Gruppo La Perla 85%, Hera 90%, Intertaba 85%, Redi 90%, Magli 75%. Queste percentuali indicano le adesioni dei lavoratori, di alcune delle principali aziende dell’Emilia Romagna, allo sciopero nazionale indetto dalla Cgil di oggi. Una partecipazione che, dati alla mano, ha compreso anche iscritti a quelle sigle, Cisl e Uil, i cui segretari si sono dichiarati contrari alla manifestazione.

Come nel 2002, quando il Circo Massimo di Roma si tinse di rosso, oggi la Cgil è scesa in piazza da sola per chiedere che a pagare i costi della crisi economica non siano solo i lavoratori. Per chiedere al governo di cambiare direzione e rivedere quella norma, scritta all’articolo 8 della “manovra irresponsabile”, che minaccia il licenziamento facile e che di fatto mette in discussione anni di lotte per tutelare e garantire i diritti di chi, per vivere, svolge una professione nel settore pubblico o privato.
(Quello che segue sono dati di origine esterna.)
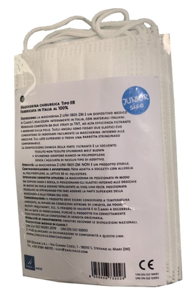 La mascherina Z-UNI-1803-ZM è un dispositivo medico di Classe I, realizzata interamente in Italia, con materiali italiani. Monouso composta da due strati di TNT, ad alta efficienza filtrante e morbido sulla pelle. Sugli angoli sono fissati due elastici che consentono di indossare facilmente la maschera intorno alle orecchie. Sul lato superiore si trova una barretta stringinaso conformabile.

“Bisogna resistere perché il Parlamento si decida a stracciare l’articolo 8”, spiega Carla Cantone, Segretaria dello Spi, “E’ anticostituzionale. Dobbiamo aiutare le Regioni, le Provincie e i Comuni a tutelare i servizi. Che paghino i ricchi ora, non è giusto chiedere sacrifici sempre ai soliti”.

Quattro sono stati i cortei che hanno attraversato Bologna per riunirsi in Piazza Maggiore, sul crescentone e protestare contro il governo: i pensionati dello Spi, i dipendenti pubblici e gli insegnanti, gli operai uniti alle tute blu della Fiom e i sindacati di base: “L’alternativa non c’è, paghi chi non ha ancora pagato”. Questo lo striscione che ha aperto il corteo dei lavoratori delle fabbriche, firmato dalla Camera del Lavoro di Bologna, uno slogan ripetuto di bocca in bocca da tutti i manifestanti, simbolo dell’esasperazione che attraversa orizzontalmente sigle e categorie. Sintomo di un male che affligge il mercato del lavoro italiano surclassato dalla crisi, dalla disoccupazione e ora dalla manovra.

“Il governo ha fatto delle scelte sbagliate e siamo sempre e solo noi a pagare” racconta Maria della KPL Packaging, “Non siamo tutti buffoni, forse qualcosa capiamo anche noi”, aggiunge Erminia, 45 anni, metalmeccanica che, come tutti i presenti, ha rinunciato ad un’intera giornata di paga per manifestare. “Siamo in piazza oggi perché questa finanziaria ha toccato per la prima volta nella storia i nostri diritti” sottolinea Paolo, 33 anni, della Ducati.

“Mi dispiace per Cisl e Uil, si sono dimostrati troppo vicini al governo e non hanno capito che scioperare è l’unico modo per cambiare le cose” ha aggiunto Davide, tesserato Fiom, commentando la decisione presa dalla dirigenza dei due sindacati nazionali di non prendere parte, e anzi criticare, allo sciopero indetto dalla Cgil. “Dobbiamo dare la possibilità agli enti locali di stabilire un meccanismo che chieda le risorse a chi può darle, solo così si può creare una società migliore e più giusta” ha commentato Carla, un’educatrice di 50 anni, impiegata in un asilo nido comunale.

Un’opinione condivisa, la sua, una proposta che permetterebbe di recuperare risorse coinvolgendo coloro che, pur possedendo complessivamente il 50% della ricchezza italiana, pagano la stessa cifra del concittadino operaio.